Sunday, June 26, 2011

Groundnut Soup on a Rainy Sunday.

After a day of staying inside due to the heavy rains, we feasted with a delicious Ghanian Groundnut soup prepared by Nuzrat Ngyamah-Poku, who is a Ghanian architecture student that I get to work with designing the health care program and facility. (Nuzrat, I am sorry your photo ended up sideways, but it took 75 minutes to load, so that is the situation.)
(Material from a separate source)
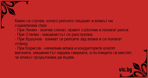 Какво се случва, когато релсите свършат и влакът на социализма спре: - При Ленин - всички слизат, правят съботник и полагат релси. - При Сталин - машинистът се разстрелва. - При Хрушчов - вземат се релсите зад влака и се полагат отпред. - При Борисов - началник-влака и кондукторите клатят вагоните, машинистът надува свирката, а пътниците си мислят, че влакът продължава да върви.
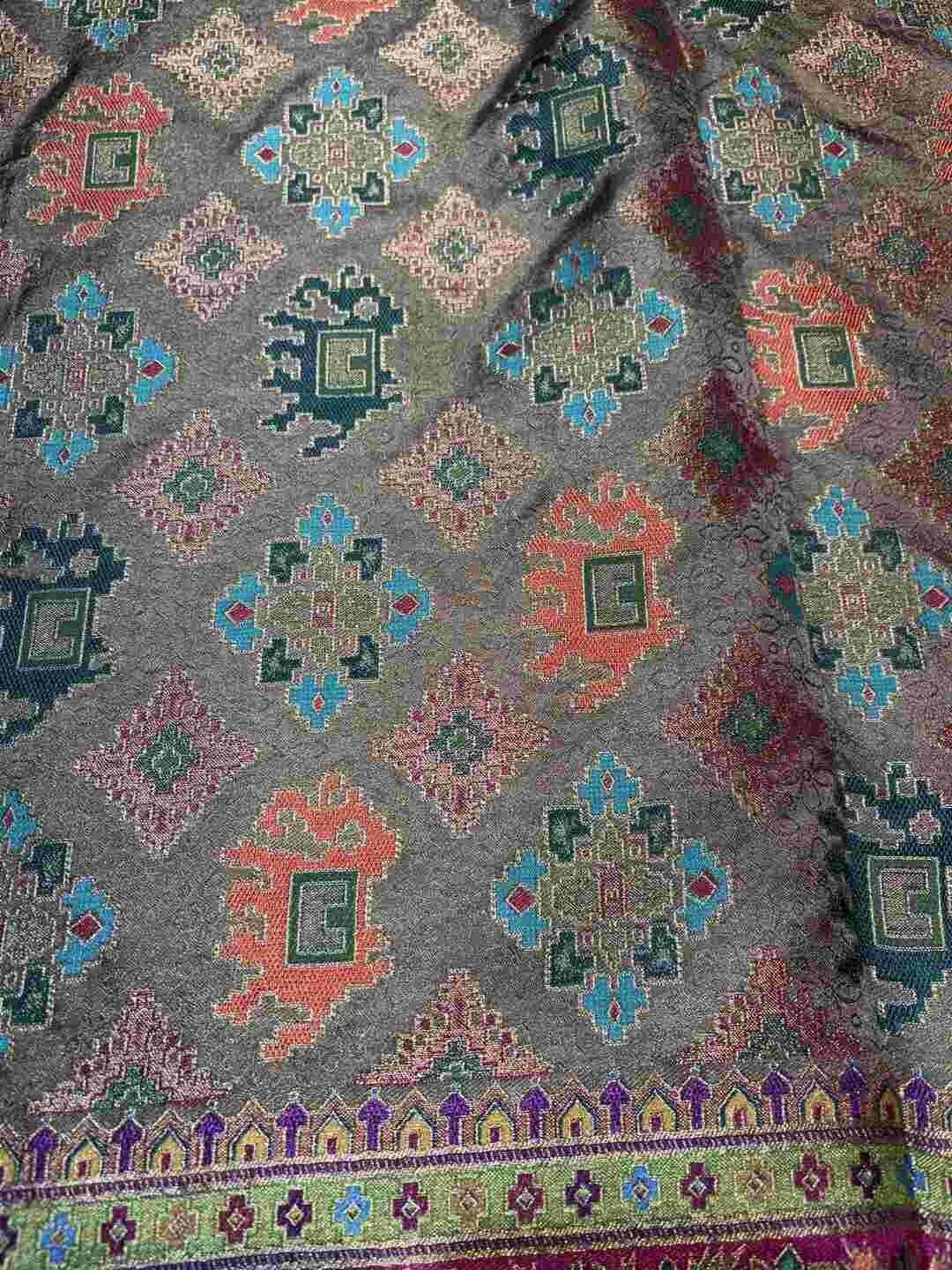 A stunning fusion of artistry: The richness of original Pashmina unfolds in a warm, luxurious drape, offering timeless elegance with a soft, regal feel that is perfect for refined, high-fashion styling.

Nuzrat's famous Ghanian groundnut soup recipe (serves 12)
1 bottle groundnuts (aka raw/lightly roasted peanuts)
Fresh ginger, about 3 inches
Salt, be generous
Maggi (Knorr Chicken Bouillon is same thing)
Meat: we used 1lb of beef, cut in cubes. Shrimp, chicken, or tofu would also be delicious.
8 tomatoes the size of roma tomatoes, whole with skin
2 purple onions, quartered
1-5 fresh chili peppers, roughly chopped and seeded depending on spice preference
1/4 medium head of cabbage, shredded

Blend with water, ginger, salt until smooth. Add only enough water to make everything smooth. Should be about the consistency of Tahini.
Pour mixture into a saucepan, add 12oz water and chili peppers. Bring to a boil, then simmer for 30 minutes.
While this mixture simmers, combine desired meat (chicken, beef, shrimp, tofu), salt, maggi, roma tomatoes, onions, and 16 ounces of water in a separate large soup-pot. Bring to a boil and simmer, adding water as needed.
Now, combine the two pots together by adding the peanut mixture to the larger of the two pans containing the meat. Again add water as needed. We are cooking on kerosene burners that are hard to control, so the amount of water may need to be adjusted to your cookware. The final consistency should be like a thick creamy soup.
Allow this to simmer for 15 minutes.
Then remove all the larger pieces of vegetable: tomato, onion, pepper. Place these in a blender with enough liquid from soup to effectively blend. Once the mixture is smooth, pour back into the soup-pan.
Simmer for 45 minutes.
Serve hot over rice and with shredded cabbage.
Personal opinion: peanuts should always be sold in recycled liquor bottles.